Niespełna półtora miesiąca temu pabianiczanie po dramatycznym meczu wygrali w Warszawie z AZS UW. Historia lubi się powtarzać – teraz także różnicą jednej bramki pokonali legendarny stołeczny klub, Warszawiankę.

Spotkanie rozpoczęło się od dwóch bramek gospodarzy, dla nas pierwsze trafienie po niespełna dwóch minutach gry uzyskał kapitan, Mariusz Kuśmierczyk pewnie egzekwując rzut karny. Gospodarze nie zwalniali tempa, po siedmiu minutach wygrywali już 6:2. Warszawianom trzeba oddać, że pilnowali wyniku, niczym oka w głowie, w 16. minucie po niefrasobliwej interwencji Krystiana Cieślaka przy rzucie ze skrzydła Warszawianka wygrywała 11:7. W pierwszej połowie wychodziło nam niewiele, kilka minut przed przerwą przy stanie 17:12 trener Dmytro Zinchuk wziął czas. Pomogło tyle, że końcowe dwie minuty… zremisowaliśmy 2:2 po golach Kuśmierczyka i Huberta Mielczarka.

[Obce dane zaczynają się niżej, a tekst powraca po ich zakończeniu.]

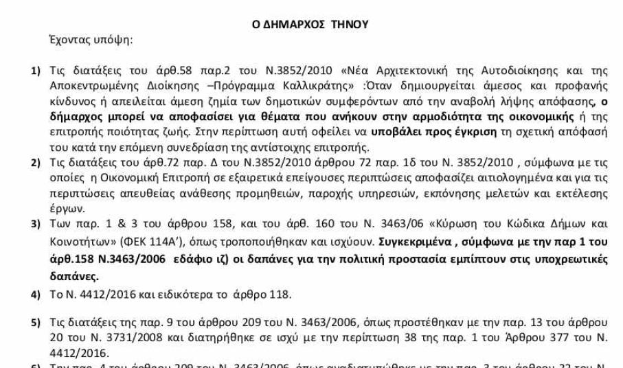Ο Δήμαρχος Τήνου, με την διαδικασία του κατεπείγοντος, σπαταλά δημόσιο χρήμα, κάνοντας απευθείας ανάθεση μιας υπηρεσίας, υπερκοστολογημένης έως και 20 φορές πάνω από το πραγματικό κόστος της. Ενοικιάζει δηλαδή για έναν μήνα, ένα βυτιοφόρο, στο 75% περίπου της τιμής αγοράς του!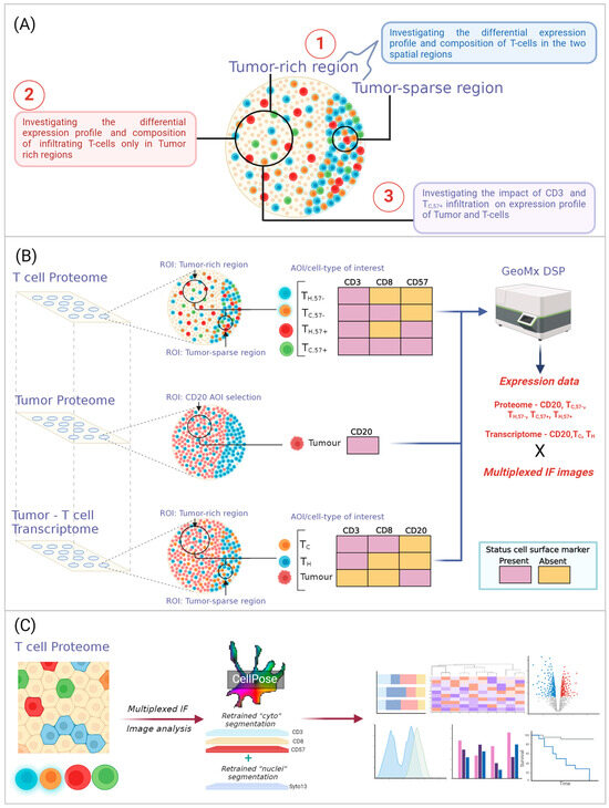 The first step of the spatial omics workflow includes the visualization of cells of interest in the tissue. Sections (4–7 μm thick) of the TMA were fixed on glass slides (Superfrost plus). Sections from each of the three TMA blocks were stained for mIF and scanned at 20X in the GeoMx instrument (Nanostring, Seattle, WA, USA) to collect (1) T-cell protein data, (2) MCL tumor protein data and (3) tumor B- and T-cell transcriptome data. Information on antibody clones is provided in Supplementary Materials Table S2. All antibodies went through detailed optimization to determine the optimal concentration for the tissue used and staining was performed according to established protocols available from Nanostring (https://university.nanostring.com including MAN-10087-07, MAN-10089-06, and MAN-10116-04 for v2.2 SW all from February 2021). To visualize cells of interest, a tissue section was stained with (1) CD3, CD8, CD57 and nuclear counterstain Syto13, to identify four T-cell subtypes of interest: TC,57− (CD57− CD3+ CD8+ early-stage differentiated T cytotoxic cells), TH,57− (CD57− CD3+ CD8− early-stage differentiated T helper cells), TC,57+ (CD57+ CD3+ CD8+ late-stage differentiated T cytotoxic cells) and TH,57+ (CD57+ CD3+ CD8− late-stage differentiated T helper cells) (Figure 1B, middle panel). The presence of double negative T cells (CD4− and CD8−) is rare (<3%), justifying the definition of T helper cells by the absence of CD8 on CD3+ cells [15]. A second tissue section was stained with (2) the tumor/B-cell markers CD20, CD3 and Syto13 to allow the visualization of two spatially defined regions, the tumor-rich and tumor-sparse regions where transcripts/proteins were quantified. From this section, protein data were collected from CD20+ cells (Figure 1). For spatial transcriptomics, a third tissue section was stained with (3) CD20, CD3 and CD8 (Supplementary Materials Table S2) to identify malignant CD20+ tumor cells, TC (cytotoxic T cells, CD3+ CD8+) and TH (helper T cells, CD3+ CD8−).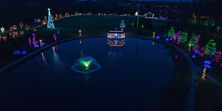 Colorful holiday lights brighten a park pond at night, showcasing decorated trees and structures around the water. The scene captures festive cheer and joy during the holiday season.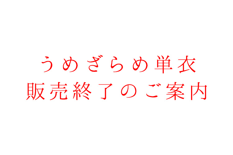 期間限定で販売しておりました「うめざらめ単衣」ですが、大変ご好評につき、店頭、オンラインショップ、梅まつり特設ブース全てで販売期間を前倒しして販売を終了させていただきました。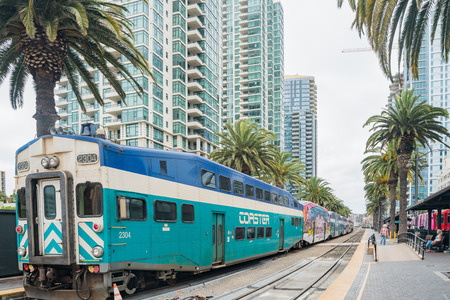 San Diego, JUN 29: Coaster amtrak and the historical Santa Fe station on JUN 29, 2018 at San Diego, California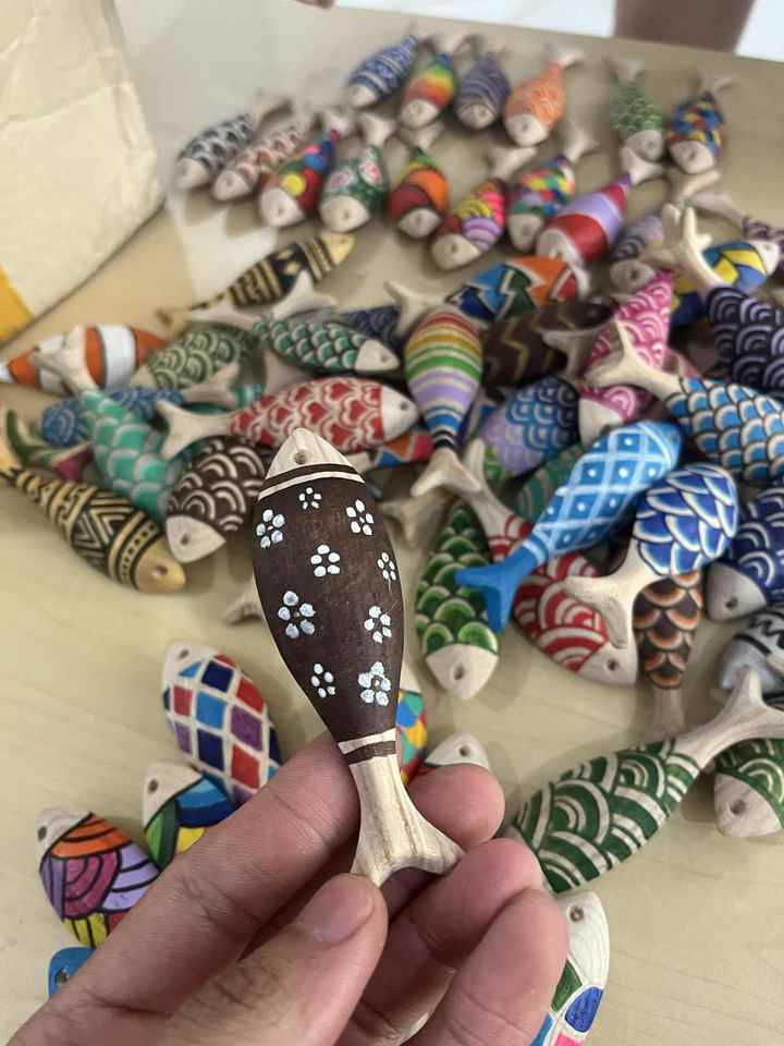 รูปปั้นปลาทำจากไม้ธรรมชาติเพิ่มความสวยงามให้กับการตกแต่งบ้านที่เหมาะสำหรับห้องนั่งเล่น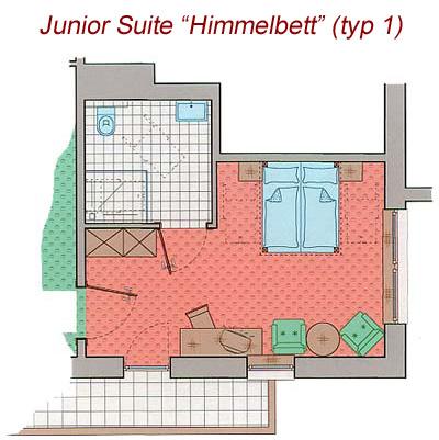 Juniorsuite mit Himmelbett, Dusche/WC/Balkon, Couch als 3. Bett möglich, W-LAN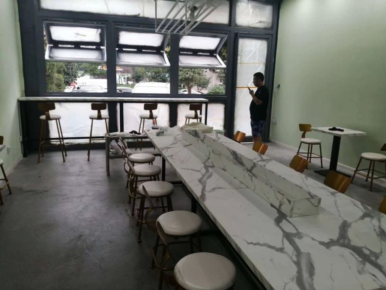 我廠承接的西安鮮螺螺螄粉餐館定制餐桌椅工程正式交工,家具安裝完畢后,大理石臺面餐桌看上去非常的上檔次,客戶對于我廠生產(chǎn)的餐桌椅給予了高度贊揚。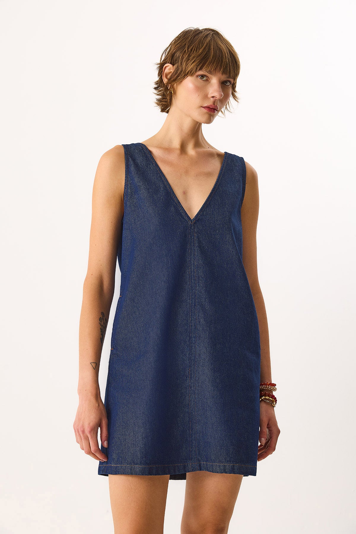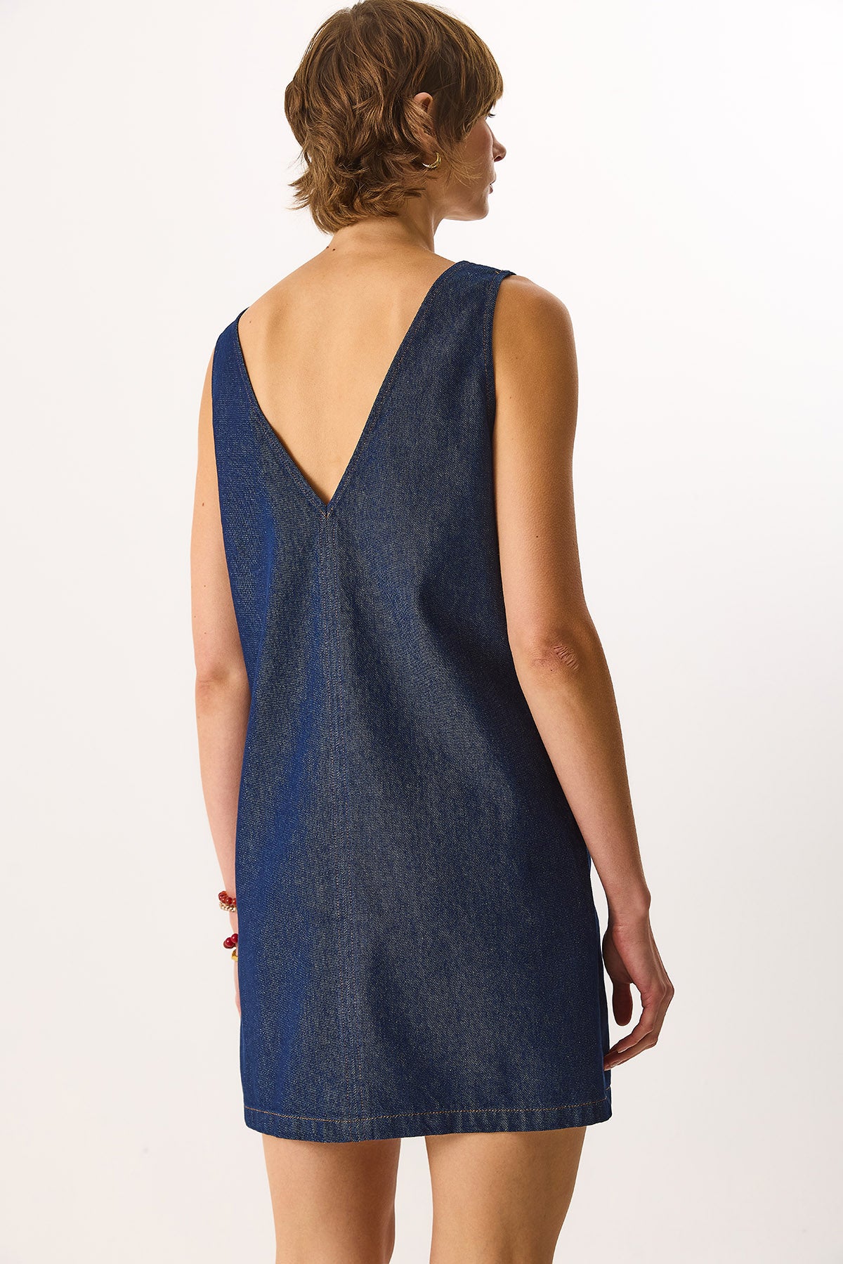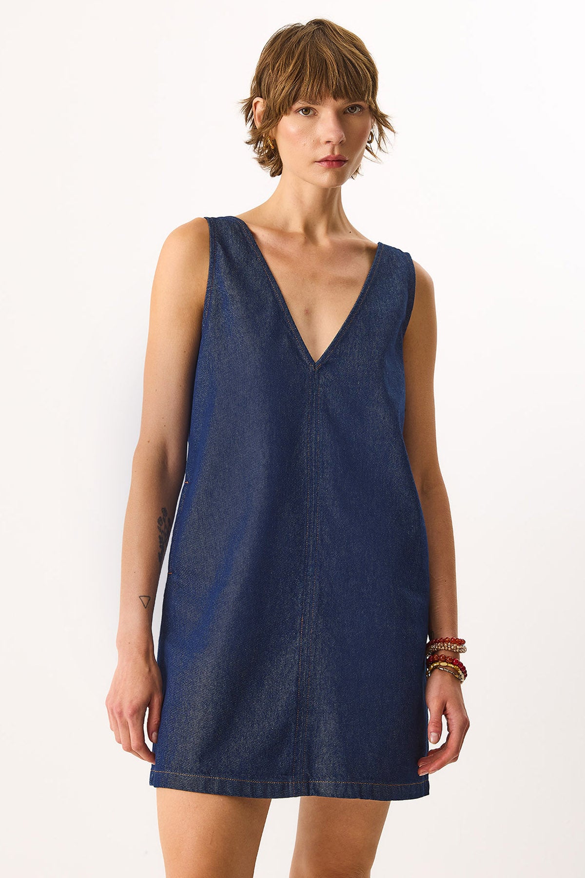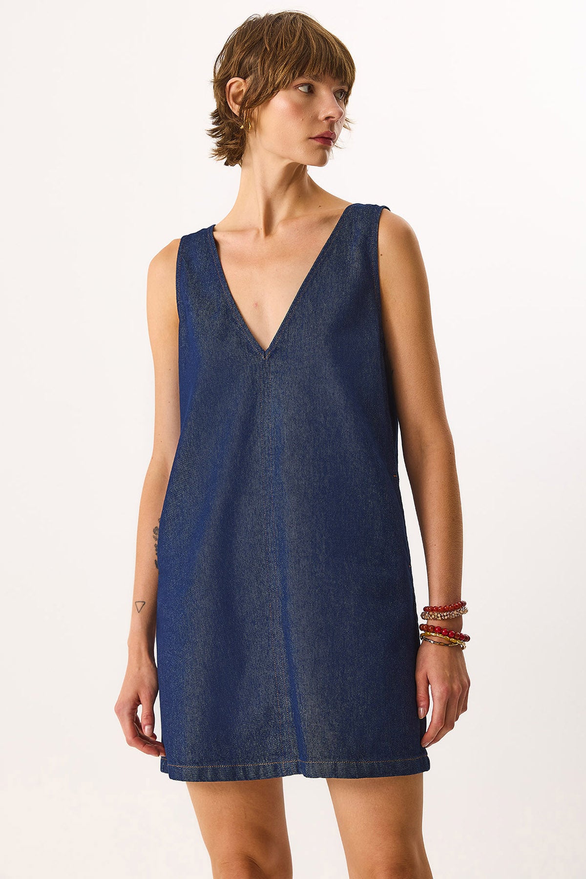 Kadın Mina Rins Yıkamalı Jile Jean Elbise %100 Pamuk - Rins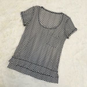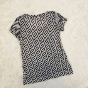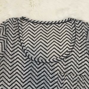 Lululemon gray and white chevron print tee in size 6. Size tag removed. Lightweight, sheer material. A few wears with no stains or flaws.

Po przerwie nasi ruszyli na gospodarzy. W ciągu pięciu minut odrobiliśmy trzy gole straty i było 20:18 dla miejscowych. Na 20:19 z koła rzucił Damian Skowroński i trener gospodarzy poprosił swoich zawodników do siebie. Poskutkowało. Po chwili Warszawianka, grając w… osłabieniu wyszła na prowadzenie 22:19.

W 40. minucie karnego na 22:20 rzucił Kuśmierczyk. Wszystko, co najważniejsze dla przebiegu meczu wydarzyło się w ostatnim kwadransie. Zapoczątkował go przepięknym rzutem w samo okienko bramki Artur Urbański. W 49. minucie po dynamicznej akcji Skowrońskiego było już tylko 26:25. Dwie minuty później po szybkiej kontrze na 27:27 wyrównał Mateusz Jurgilewicz.

W 52. minucie po raz pierwszy w tym meczu objęliśmy prowadzenie, bo karnego pewnie wykorzystał Kuśmierczyk. Na gola rywali odpowiedział ze skrzydła Kacper Kozak. W 55. Minucie po kontrze Jurgilewicza z Bartłomiejem Helmanem ten drugi rzucił dla nas trzydziestego gola. Po chwili trafił Urbański i było 29:31. W naszej bramce zaporą nie do przejścia był Patryk Jędrzejewski. Ostatnią bramkę zdobył dla nas Helman. I choć gospodarze trafili jeszcze raz, to nasi nie wypuścili zwycięstwa z rąk, a gdyby więcej koncentracji wykazali Maciej Baranowski i Skowroński nie musielibyśmy drżeć o wygraną do ostatnich sekund.

Pabiks: Jędrzejewski, Cieślak – Kuśmierczyk 7, Kozak 6, Helman 4, Skowroński 4, Jurgilewicz 3, Mielczarek 3, Urbański 3, Kaźmierczak 1, Starzec 1, Baranowski, Kruk, Kurpeta, Mróz.